Interestingly, Tito has never become a frequent butt of jokes, neither during his life or posthumously – perhaps not just on account of the threatened sanctions but also because of the universal respect and even admiration that he garnered, even among those who did not love him. Brioni and its lavish, ridiculous presidential mansions never became targets of jests or investigation, despite the common knowledge that the island was just one part of a network of palaces, mansions and other buildings complete with curtained private suites and well-laid tables, that Tito maintained throughout his realm from Slovenia in the north to Macedonia in the south. These included a huge, posh nuclear shelter built under the Bosnian town of Konjic. (Throughout the works, the locals pretended not to notice what was going on underneath, sleeping peacefully and working diligently amid a dreadful din of drills and heavy machinery.) Last but not least among Tito’s hideouts to be mentioned here is the medieval castle still standing perched on a hill near Kranj, which your author had, for most of his military service, the good fortune to personally guard in command of a squad armed with YU-issue Kalashnikovs. The majority of Tito’s more than twenty installations were built by prisoners well-versed in the art of breaking up rocks. With the exception of Plavi voz, the Blue Luxury Train, and a luxury boat named Galeb or Seagull (which somehow escaped the fate of being converted into a discotheque and, as recently as a few years ago, was seen rusting and rotting on the shore), most of these relics are empty ghost houses today, where the draught whistles freely through the broken windows. As in Brioni, everything moveable has long since been sawn off, unscrewed, dug out or carted off as booty by nearby residents.
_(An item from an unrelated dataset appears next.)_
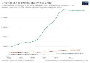 China experienced an increase in electricity demand and usage in 2017 as the economy accelerated.[24] According to the Climate Data Explorer published by World Resources Institute, China, the European Union, and the U.S. contributed to more than 50% of global greenhouse gas emissions.[25] In 2016, China's greenhouse gas emissions accounted for 26% of total global emissions.[26] The energy industry has been the biggest contributor to greenhouse gas emissions since the last decade.[25]
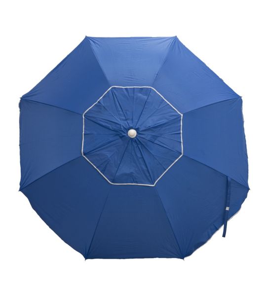Diseñada para ofrecer máxima estabilidad y frescura, esta sombrilla playera cuenta con salida de aire superior que reduce el efecto vela en días ventosos. Su lona aluminizada y estructura de acero la hacen perfecta para largas jornadas al sol.

For an ending to this reminiscence, one could do worse than recall the curious fact that Josip Broz Tito, the man who while alive aspired to the riches of Croesus, did not bestow a single farthing to his relatives in his will. He left behind all the properties to the state or, rather, the states of the former Yugoslavia, which obviously did not, and for the most part still do not know what on earth to do with them. Ravaged, run-down or blown up (the one in Belgrade was bombed by NATO), they remain essentially consigned to obscurity and helpless oblivion. The massive shortage of funds needed for their renovation or demolition only serves to perpetuate their pathetic bafflement.